## Description of the task
The expected output is the line with "The large typography" plus all lines after it to the end of the material below, reproduced exactly, with pictures omitted and nothing else included.

## Data section
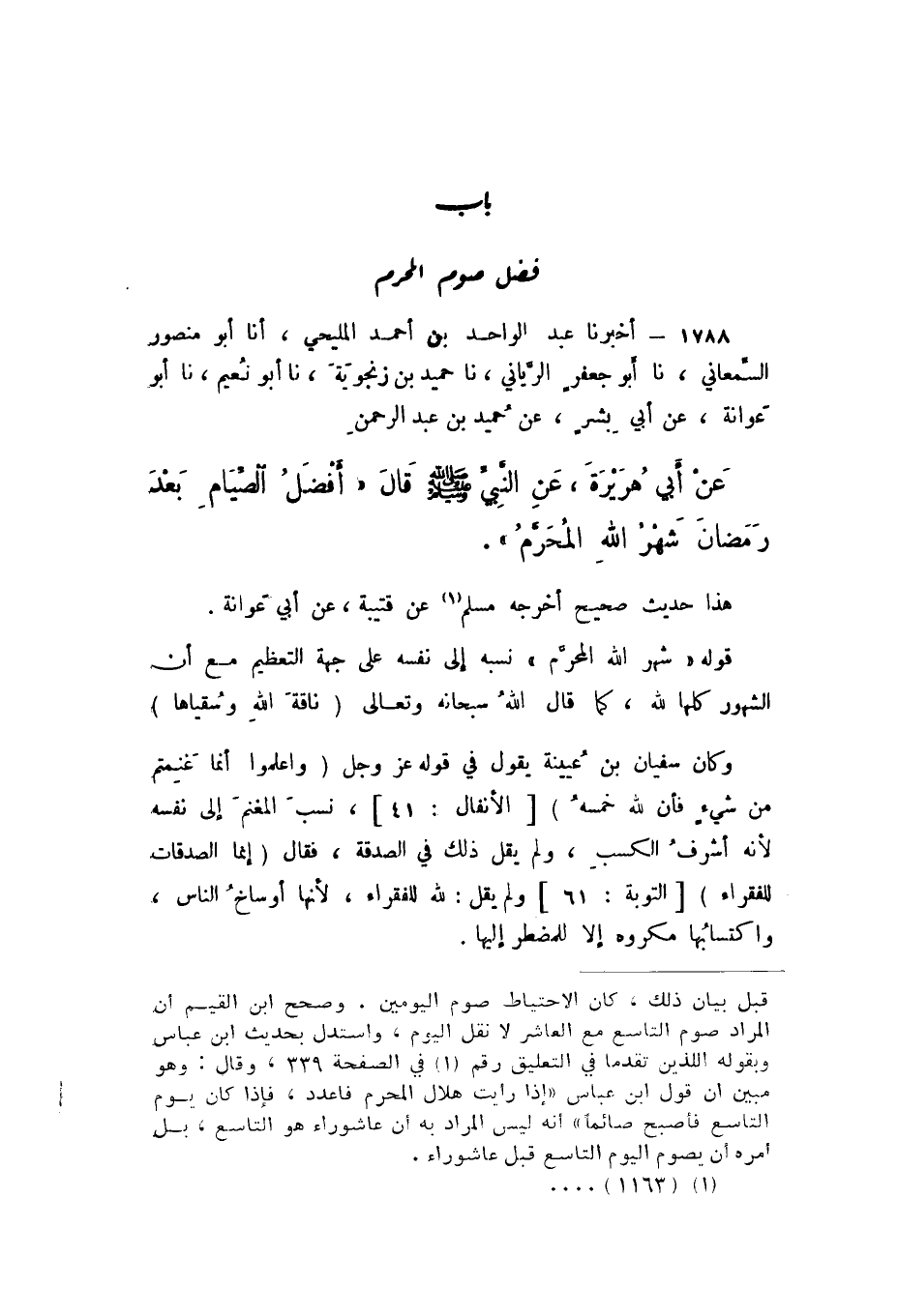 1788 - أَخْبَرَنَا عَبْدُ الْوَاحِدِ بْنُ أَحْمَدَ الْمَلِيحِيُّ، أَنا أَبُو مَنْصُورٍ السَّمْعَانِيُّ، نَا أَبُو جَعْفَرٍ الرَّيَّانِيُّ، نَا حُمَيْدُ بْنُ زَنْجُوَيْهِ، نَا أَبُو نُعَيْمٍ، نَا أَبُو عَوَانَةَ، عَنْ أَبِي بِشْرٍ، عَنْ حُمَيْدِ بْنِ عَبْدِ الرَّحْمَنِ، عَنْ أَبِي هُرَيْرَةَ، عَنِ النَّبِيِّ صَلَّى اللهُ عَلَيْهِ وَسَلَّمَ، قَالَ: «أَفْضَلُ الصِّيَامِ بَعْدَ رَمَضَانَ شَهْرُ اللَّهِ الْمُحَرَّمُ».
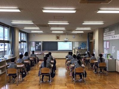 今日水曜日は「礼拝」でのスタートです。これまでと同様に、とてもよい姿勢で学校長の話に耳を傾けていました。
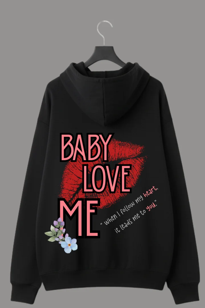 The large typography “BABY LOVE ME” instantly grabs attention. It’s bold yet tastefully done, with a clean outline effect that makes the words pop without feeling too loud. Behind the text is a textured red lip imprint — symbolic, passionate, and impactful. It adds a sensual dimension and reinforces the emotional intention of the design.
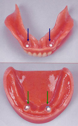 磁石(左の写真の矢印)を歯の根と入れ歯の内面に埋め込んで、磁力で入れ歯を吸着さるものです。内面に付着するタイプですので外観も良好です。

## Expected answer
 The large typography “BABY LOVE ME” instantly grabs attention. It’s bold yet tastefully done, with a clean outline effect that makes the words pop without feeling too loud. Behind the text is a textured red lip imprint — symbolic, passionate, and impactful. It adds a sensual dimension and reinforces the emotional intention of the design.
 磁石(左の写真の矢印)を歯の根と入れ歯の内面に埋め込んで、磁力で入れ歯を吸着さるものです。内面に付着するタイプですので外観も良好です。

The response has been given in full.